I noticed the wife of my father’s friend never joined us on our getaways. Curious, I asked my parents about her absence. My father explained, “She is a little old fashioned. She doesn’t dine with Muslims or eats from their utensils.” It was a shock to know that. No less was the normal tone in which my father had delivered the answer.

In the years of the rise of Hindutva, I have often pondered over that childhood experience in Mosul. What was I to make of my father’s friend who could not dissuade his wife from observing the principle of purity or pollution? Was he an exalted soul who left his wife behind at home to take two children around the picturesque countryside, injecting fun and frolic in what would have been otherwise staid weekends?

I narrated my Mosul experience to my father-in-law once, ending it with those two unresolved questions about my father’s friend. He promptly replied, “Pehle zamane mein bartan alag hote the par dil ek the. Aaj Kal bartan ek ho gaye hain par dil alag alag hain. (Earlier, our utensils were different but our hearts were one. Today, we share our utensils, but our hearts are separate.)”

Shredding of ideals

Was he exaggerating the degree of separateness existing between communities, the Hindus and the rest? I do know that there are many hearts which beat in rhythm with love and camaraderie, dismay and anger. But I also know a lot many hearts which don’t, a testament to the ideals of our founding fathers having been shredded in the high tide of Hindutva.

The shredding of ideal is intimated to us every day – the headlines announcing that yet another Muslim has been pummeled for ferrying cattle, the WhatsApp videos depicting Muslims being compelled to chant Jai Sri Ram, their demonisation through a comprehensive rewriting of history textbooks, inter-religious relationships given the veneer of jihad, and the tormentors of Muslim women posing as their liberators from the shackles of triple talaq. You could just go on and on.

What distinguishes living in the years before 1992 and thereafter is that the degree of separateness never wanes. It doesn’t even remain static at the degree measured yesterday. Regardless of how many hearts beat in unison, the Muslim heart certainly skips a beat at every victory of the BJP.

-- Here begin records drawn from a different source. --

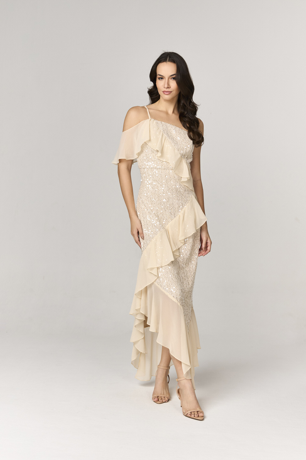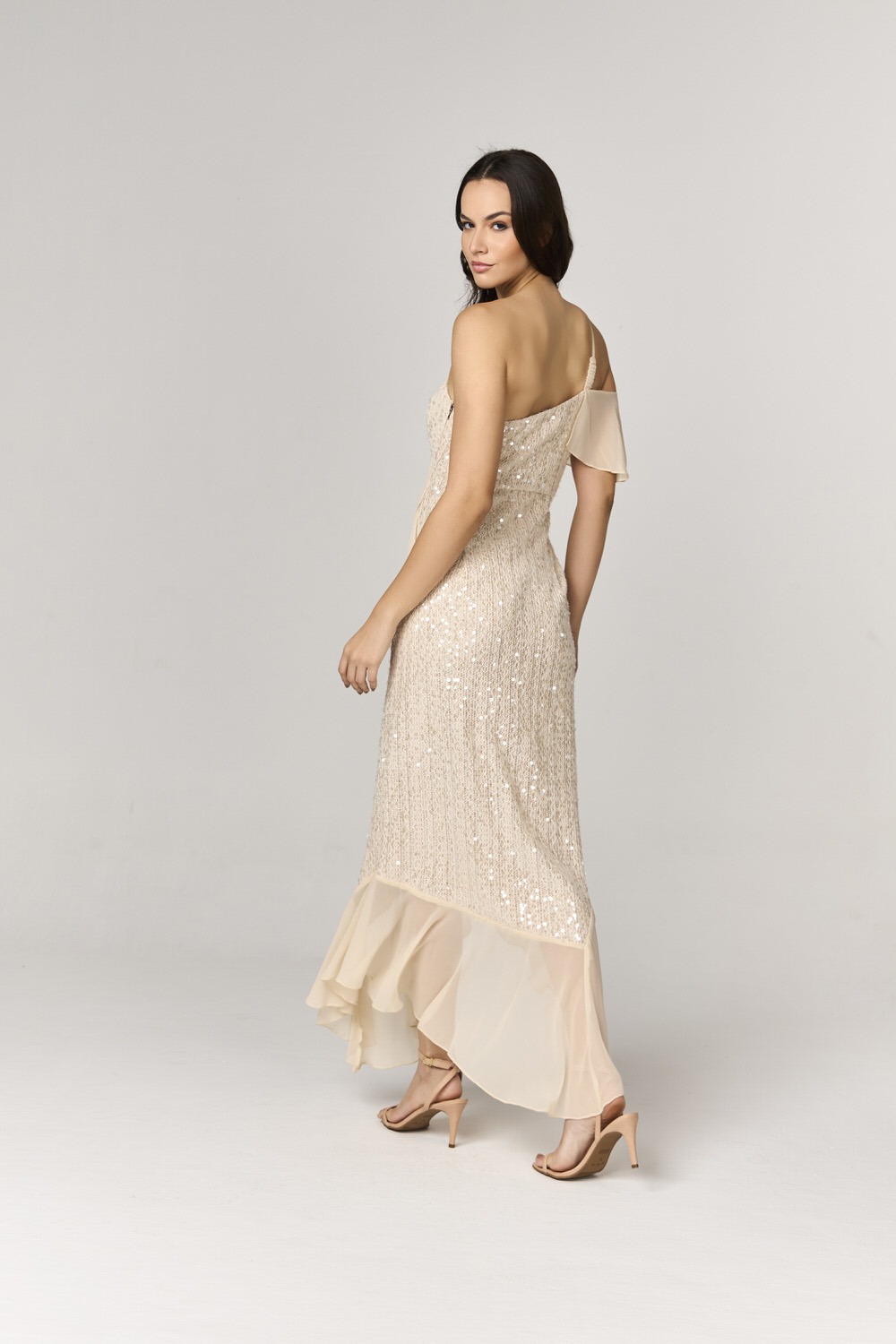 Com um design que realça a silhueta feminina, este vestido é adornado com detalhes em paetê que capturam a luz de maneira deslumbrante, oferecendo um brilho sutil que é perfeito tanto para eventos diurnos quanto noturnos. Cada detalhe foi cuidadosamente pensado para proporcionar um caimento impecável.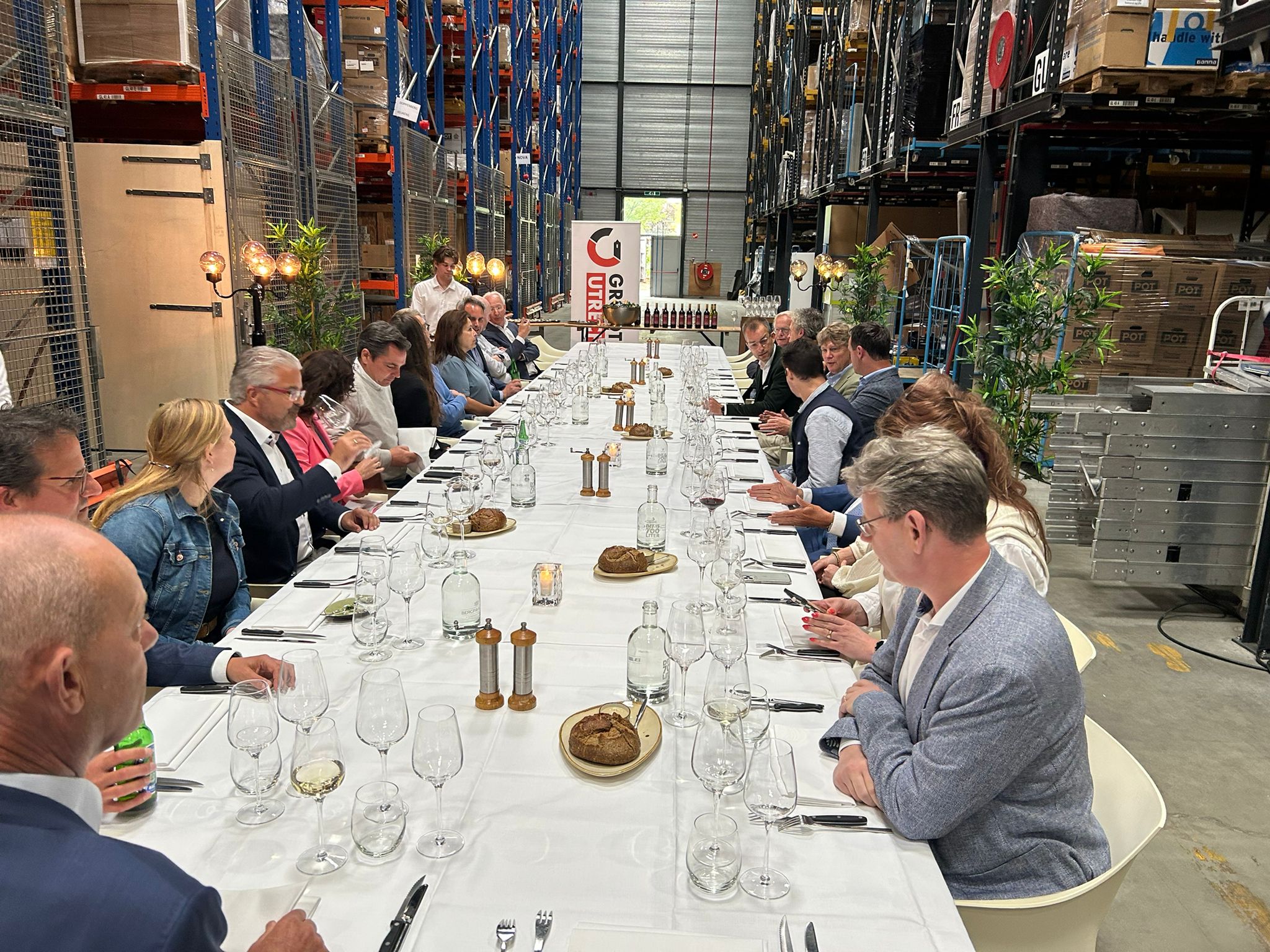 Na afloop konden we bijpraten tijdens een schitterend diner in het magazijn, waar we tussen de hoge stellingen genoten van een heerlijk driegangen diner dat verzorgd werd door Bergpaviljoen Bistronomique & Bar. De enthousiaste reacties van onze leden geven aan dat we kunnen terugkijken op een mooi en geslaagd event!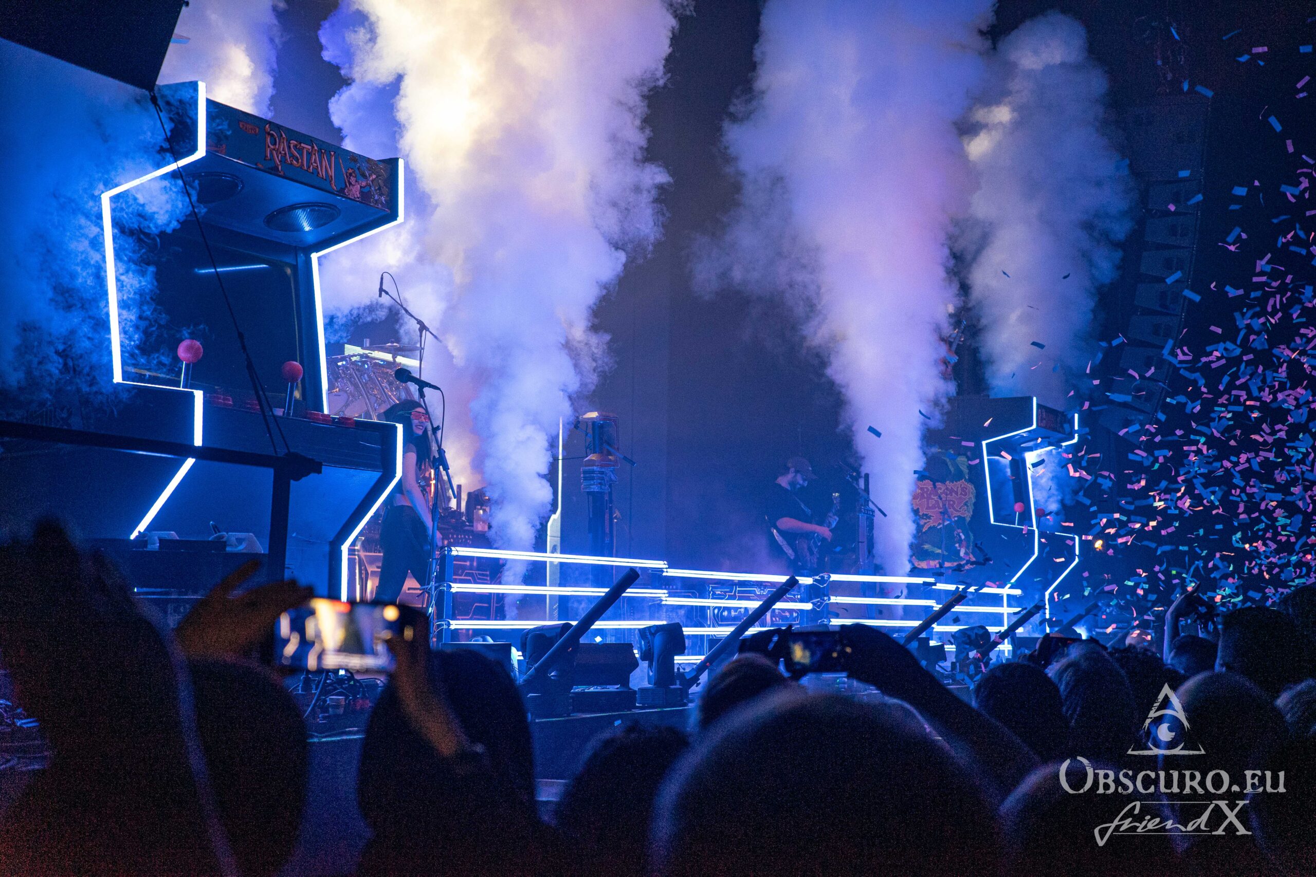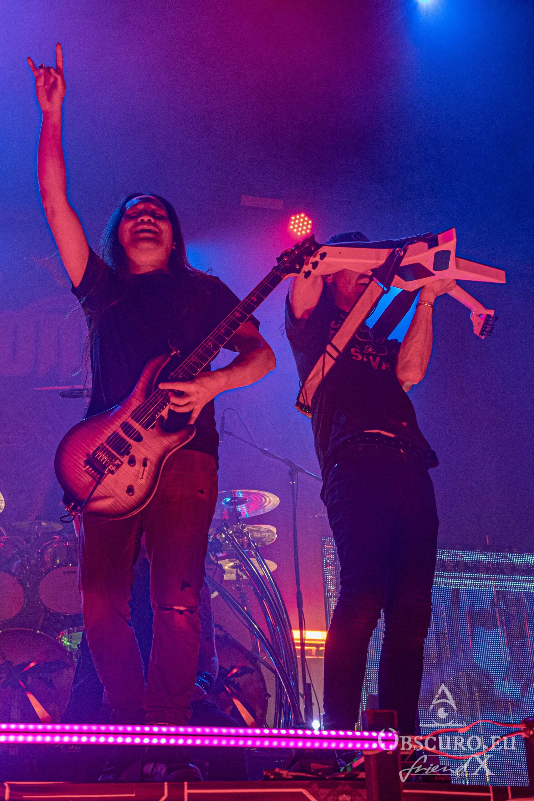 Being computer game nerds themselves means, the whole stage and the whole show of DragonForce is set up up as one itself. What follows, as soon as all six musicians enter the stage, is nothing but a high-speed firework of guitar solos, confetti rain, flashes, laser rays and all you need to pump your blood up with pure adrenaline.

This is because you know that even the abnormal will not become the new normal, but will keep getting redefined to produce a more pathological version every passing month. You and I will wonder who among our school and college mates from the pre-1992 days have succumbed to the pathology of our time. This pathology introduces into our past a virus which can wipe clean from our memory the images of innocence, and togetherness, and love.

We will then forget our past selves and believe we are today what we were yesterday, that it is normal to be separated from each other by the line of hatred. It is this apprehension that makes me wonder what a Union Minister in the Modi government who was my classmate in a Jesuit school we studied in Patna thinks of Hindtuva foot soldiers bashing up padres in India’s outback.

(Ajaz Ashraf is a journalist in Delhi. His novel, The Hour Before Dawn, has as its backdrop the demolition of the Babri Masjid).